Pourquoi l'expertise médicale est la pierre angulaire de l'indemnisation du dommage corporel grave. Par Nathan Hazzan, Avocat.
Une victime gravement blessée peut voir le montant de son indemnisation varier de plusieurs centaines de milliers d'euros alors même que son état de santé demeure strictement identique. Ce qui évolue n'est pas le dommage lui-même, mais la manière dont ses conséquences sont identifiées, analysées et évaluées lors de l'expertise médicale.
L’expertise médicale est le socle de l’indemnisation pour un dommage corporel grave. Elle ne se limite pas à constater une blessure, mais évalue toutes ses conséquences : séquelles physiques, besoins futurs, douleurs ou impacts professionnels. Sans elle, le montant de l’indemnisation peut varier de plusieurs centaines de milliers d’euros, même si l’état de santé de la victime reste identique. Par exemple, deux victimes avec un handicap similaire peuvent recevoir des indemnisations très différentes selon que l’expertise retient 3 ou 6 heures d’assistance humaine par jour. Cette différence, projetée sur plusieurs décennies, peut représenter des écarts de plusieurs centaines de milliers d’euros. L’expertise permet aussi de distinguer les séquelles directement liées à l’accident de celles causées par un état antérieur ou une pathologie indépendante, conformément au principe de réparation intégrale.
L’expertise médicale a deux rôles principaux. D’abord, elle reconstitue de manière objective la chronologie des faits : accident, symptômes, soins et complications. Elle permet de faire un tri entre ce qui relève du dommage et ce qui est indépendant (état antérieur, évolution naturelle). Ensuite, elle fournit des éléments techniques indispensables au raisonnement juridique. Par exemple, en cas de responsabilité médicale, elle peut confirmer une faute, un aléa thérapeutique (complication imprévisible) ou une cause étrangère (événement indépendant). Elle aide aussi à évaluer une perte de chance, comme lorsqu’une prise en charge conforme aurait pu éviter ou limiter le dommage. Bien que l’expertise ne décide pas du montant final, elle influence directement les offres indemnitaires et les décisions judiciaires, car elle fixe les bases techniques du dossier.
L’expertise médicale détermine les besoins futurs de la victime, qui influencent fortement le montant de l’indemnisation. Parmi les postes les plus impactés figurent l’assistance par tierce personne (nombre d’heures d’aide quotidienne), les dépenses de santé futures, les aménagements du logement ou du véhicule, et les pertes de gains professionnels. Par exemple, une différence de 3 heures d’assistance par jour peut entraîner un écart de plusieurs centaines de milliers d’euros sur plusieurs décennies. De même, la reconnaissance d’un besoin d’aménagement du logement ou d’une incidence professionnelle (reconversion, perte d’opportunités) peut augmenter significativement l’indemnisation. Ces évaluations reposent sur une analyse médico-légale rigoureuse, qui doit être précise pour refléter la réalité des préjudices subis.

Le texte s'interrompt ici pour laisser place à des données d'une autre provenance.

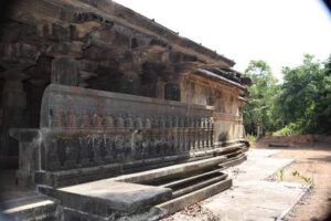 ದೇವಸ್ಥಾನದ ಗರ್ಭಗೃಹದ ಮೇಲ್ಬಾಗದಲ್ಲಿ ವಿಮಾನ ಶಿಖರ ಇರುವುದಿಲ್ಲ, ಬಹುಶಃ ಇದು ಬಿದ್ದಿರಬಹುದು. ಮುಖ್ಯ ಮಂಟಪದ ಹೊರಗಡೆಯ ಬಿತ್ತಿಯ ಮೇಲೆ ಬಗೆ ಬಗೆಯ ಉತ್ತರ ಮತ್ತು ದಕ್ಷಿಣ ಭಾರತದ ಹಲವು ಗೋಪುರದ ವಿನ್ಯಾಸವನ್ನು ಕೆತ್ತಲಾಗಿದೆ. ಒಂದು ಬಿತ್ತಿ ಪಟ್ಟಿಯಲ್ಲಿ, ನಾಯಿ ಮತ್ತು ಹುಲಿಯನ್ನು ಪಳಗಿಸಿ ಅದರ ಕೊರಳಿಗೆ ಪಟ್ಟಿಯನ್ನು ಧರಿಸಿಲಾಗಿದೆ. ಇದೆ ಪಟ್ಟಿಯಲ್ಲಿ ಒಬ್ಬ ಯೋಗಿ ಒಂದು ಚಂಡಿನ ಮೇಲೆ ಹಲಗೆಯನ್ನು ಇಟ್ಟಿ ಅದರ ಮೇಲೆ ಕಾಲನ್ನು ಮಡಿಸಿ, ಕಾಲು ಮತ್ತು ಸೊಂಟಕ್ಕೆ ಪಟ್ಟಿಯನ್ನು ಕಟ್ಟಿಕೊಂಡು ಯೋಗಮುದ್ರೆಯಲ್ಲಿ ಇರುವುದು ಆಕರ್ಷಕವಾಗಿದೆ. ಕರ್ನಾಟಕ ರಾಜ್ಯ ಪ್ರಾಚ್ಯವಸ್ತು ಇಲಾಖೆಯವರು ಈ ಹಿಂದೆ ಈ ದೇವಸ್ಥಾನದ ಸಂರಕ್ಷಣೆ ಕಾರ್ಯದಲ್ಲಿ ತೊಡಗಿದ್ದಾಗ, ದೇವಸ್ಥಾನದ ತಳಪಾಯದಲ್ಲಿ ಭಗ್ನಗೊಂಡ ನಂದಿಯ ವಿಗ್ರಹ
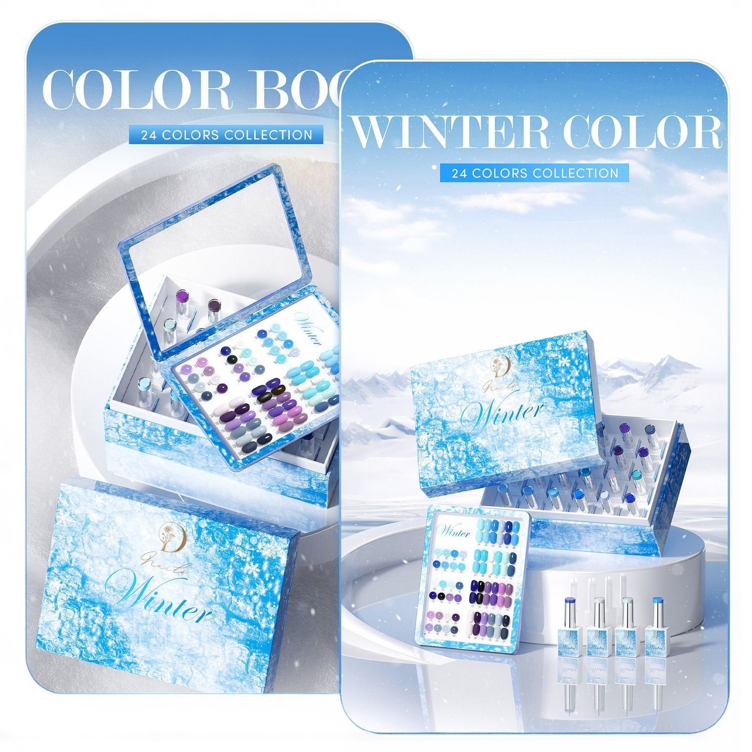 This winter collection captures the beauty of the winter season with 24 elegant gel polish colors. Our winter collection features cool, sophisticated tones perfect for the season – from icy blues and frosty silvers to deep jewel tones and classic holiday reds. The winter collection provides every shade you need for creating beautiful winter-inspired nail designs.

Une expertise médicale incomplète ou mal réalisée peut avoir des conséquences graves pour la victime. Si une séquelle, un besoin ou une incidence professionnelle n’est pas identifié à ce stade, il sera très difficile, voire impossible, de le faire reconnaître ensuite. Par exemple, une limitation fonctionnelle sous-évaluée ou un besoin d’aide humaine minimisé peut réduire considérablement l’indemnisation finale. De plus, une expertise lacunaire affaiblit la position de la victime face à l’assureur ou au juge, car elle peut être contestée plus facilement. C’est pourquoi l’intervention d’un médecin conseil de victimes est cruciale : il s’assure que tous les aspects du dommage sont correctement analysés et que les besoins futurs sont pleinement pris en compte. Le risque principal n’est pas seulement une expertise défavorable, mais l’absence de reconnaissance de certains préjudices.
L’expertise médicale ne tranche pas le litige, mais elle en détermine les contours. Elle influence directement l’évaluation des préjudices et le montant de l’indemnisation, car elle fournit les éléments techniques nécessaires à la qualification juridique des faits et à l’appréciation des besoins. Dans les dossiers de dommage corporel grave, le débat indemnitaire commence souvent dès l’expertise, et non devant le juge. Une séquelle mal analysée ou un besoin sous-évalué à ce stade sera difficile à réintroduire par la suite. Ainsi, l’expertise médicale est bien plus qu’une étape procédurale : elle est le fondement technique sur lequel repose, pour une large part, la réparation du préjudice. Son rôle est d’autant plus déterminant que les conséquences du handicap s’inscrivent souvent dans la durée.